The aging process of the liver is caused by genomic and epigenome changes, which lead to the imbalance of mitochondrial function and nutrition sensing pathway, leading to cell senescence and low-grade inflammation. These changes promote multiple phenotypic changes and liver function damage in all hepatocytes (hepatocytes, sinusoidal endothelial cells, hepatic stellate cells and Kupffer cells) [31]. In particular, age-related changes in hepatic sinusoidal endothelial cells are an important but underrecognized risk factor for agerelated cardiac metabolic diseases [32]. Electron microscopic analysis showed that aging was related to the increase of the thickness of LSECs, the decrease of the number of LSEC window and the formation of basement membrane of perisinus fibrosis and central vein fibrosis.
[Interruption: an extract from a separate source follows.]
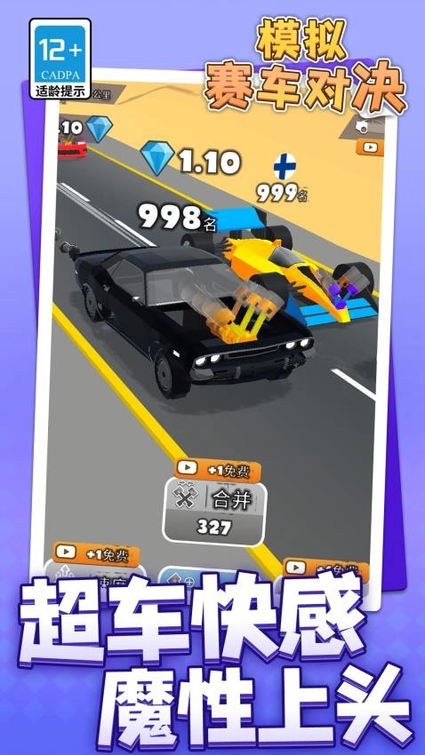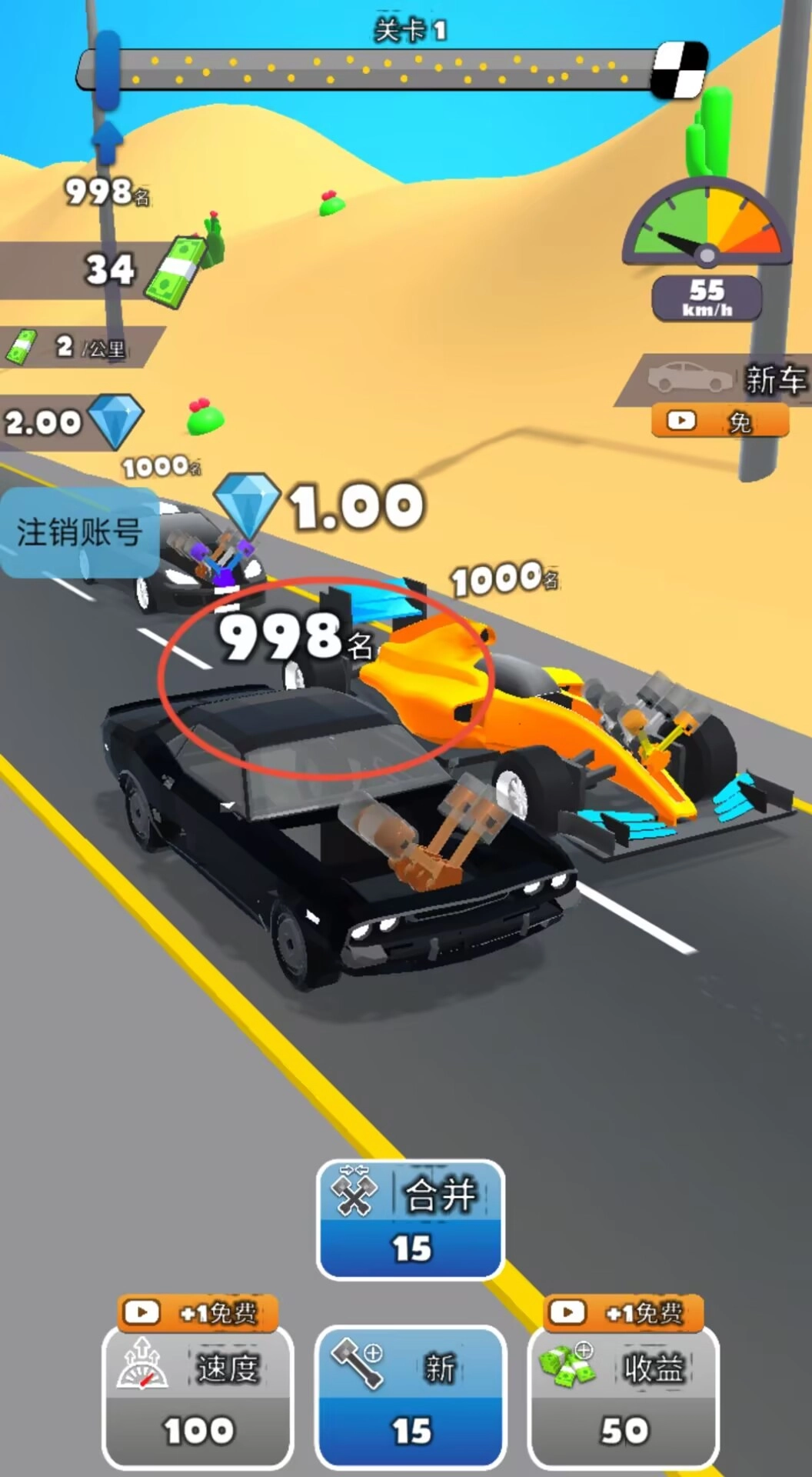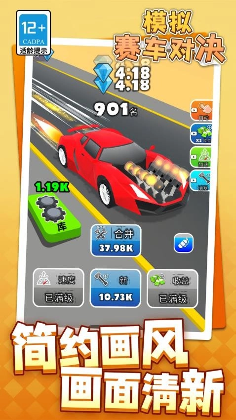 通过持续点击屏幕来操控车辆加速行驶,在超越其他赛车时能够得到钻石奖励,界面顶部会实时展示当前的排名信息。

These changes reduced the porosity and endocytosis of LSECs, resulting in endothelial dysfunction. Furthermore, the clearance of chylous particulate residues is affected, resulting in lipid accumulation, postprandial hyperlipidemia and promoting the occurrence and development of atherosclerosis in the elderly[13]. Age-related liver function changes have an important impact on systemic aging and susceptibility to age-related diseases.Nutrition sensing pathway has become an important target for drug development in delaying aging and aging-related diseases.This supports the central role of liver metabolic regulation in the relationship between nutrition and aging.

8. Summary and prospect

LSECs regulates the occurrence and development of liver disease mainly through anti-inflammation, endocytosis clearance, hepatic sinusoid capillarization, secretion of angiogenic signal factors and maintenance of HSCs resting. Since the phenotypic change of LSECs is one of the earliest events of liver injury, the study of the molecular mechanism of LSECs in the context of the progression of liver injury is of great value for early detection and early intervention of chronic liver diseases. Making full use of the special immune characteristics of LSECs to formulate future immunotherapy strategies may find a new opportunity for more effective treatment of chronic liver disease.